The multi-talented musicians sat on a platform behind the dancers. I hesitate to call them a band, because to do so might be to diminish their musical prowess in the mind. They are more like magicians, capable of weaving fantastically giddy spells over their listeners with their instruments. Each piece they played was textured with percussive sounds which rendered each one a rich musical experience in its own right. When they got into a groove, there was no way anyone could, or even should, attempt to sit still. The fact that a well known actor was seen shaking his seasoned tail feathers in the aisle near us would back that up, were I to reveal his name, but my lips are, diplomatically sealed!

There are also four gifted singers in the show who all deserve recognition here. Geydi Chapman lends a deep, soulful note to her songs, while Maritza Cariddad Montero handles more traditional vocal interpretations with an ease that renders her numbers, nonetheless, moving. Michel Antonio Gonzales and Ramon Elias Catasus Abreu, who also plays guitar wonderfully, are both delightful to listen to as well.

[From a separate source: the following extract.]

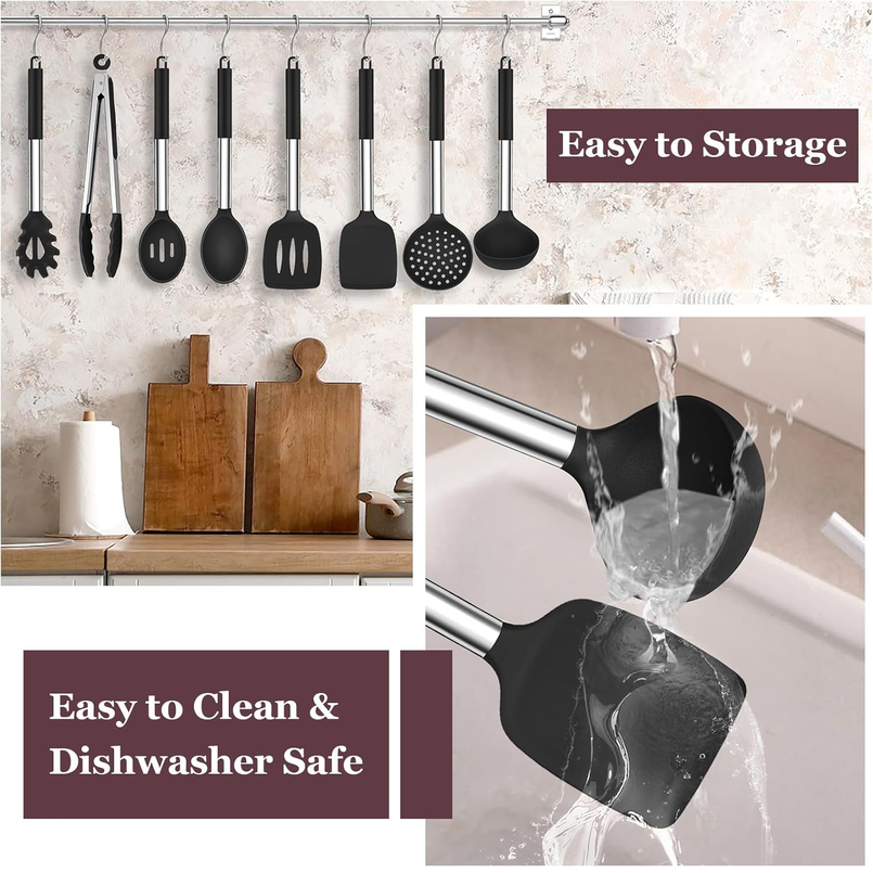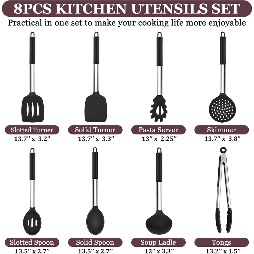 TeamFar 8-Piece Silicone Kitchen Utensil Set with Stainless Steel Handles – Black

In a talented troupe like this, it would be impossible to shine a light on just one or two players, but none the less, a few supremely, almost super-humanly talented dancers manage to distinguish themselves from the group.  For example, in one of the most spectacularly choreographed segments, a voodoo-woman puts a spell on a lanky male dancer Yoanis Reinaldo Pelaez Tamayo (Assistant Choreographer) and his glassy eyed, trance like movements take on the rather miraculously, plausible impetus that he is being controlled by outside forces, drawing appreciative oooohs and aaaaahs from the audience. I’ve seen a lot of dancing of many descriptions in my time, but I’ve never seen anything quite like that! However, there are so many standout moments here, that it would take another report just to list them all! This is one show that sizzles and crackles with energy and excitement non-stop!

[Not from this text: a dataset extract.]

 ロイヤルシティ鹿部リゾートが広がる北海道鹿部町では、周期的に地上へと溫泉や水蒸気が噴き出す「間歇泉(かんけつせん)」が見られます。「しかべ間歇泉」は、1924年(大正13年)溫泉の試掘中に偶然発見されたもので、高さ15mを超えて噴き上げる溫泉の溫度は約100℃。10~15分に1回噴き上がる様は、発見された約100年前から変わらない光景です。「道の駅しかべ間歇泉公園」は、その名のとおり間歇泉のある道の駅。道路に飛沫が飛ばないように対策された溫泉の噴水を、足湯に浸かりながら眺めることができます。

Havana Rakatan is a joyously first rate production from start to finish, with everything from Nilda Guerra’s stunning choreography and direction, and Rolando Ferrer’s vibrantly soulful musical direction, to set designer Camilo Rosales and costume designers Eva Ferran, Lorenzo Urbistondo, Roland Ruis and Castano Clavel offering invaluable, distinctively enhancing contributions. Add a wonderfully exuberant dance troupe and blinding musicians, shone off to perfection by Guy Hoare’s marvellous lighting and David Chirino’s scene-setting to this dizzying tropical cocktail and you have an experience which is guaranteed to transport you right out of your theatre seat onto the sun-soaked shores of Havana.

If you’re thinking of avoiding Havana Rakatan simply because it doesn’t have a traditional ‘story-line’, then think again. In the course of its thoroughly invigorating travels, this fabulous show takes its audiences on an unrelentingly captivating journey through the endlessly fascinating history of Cuban music.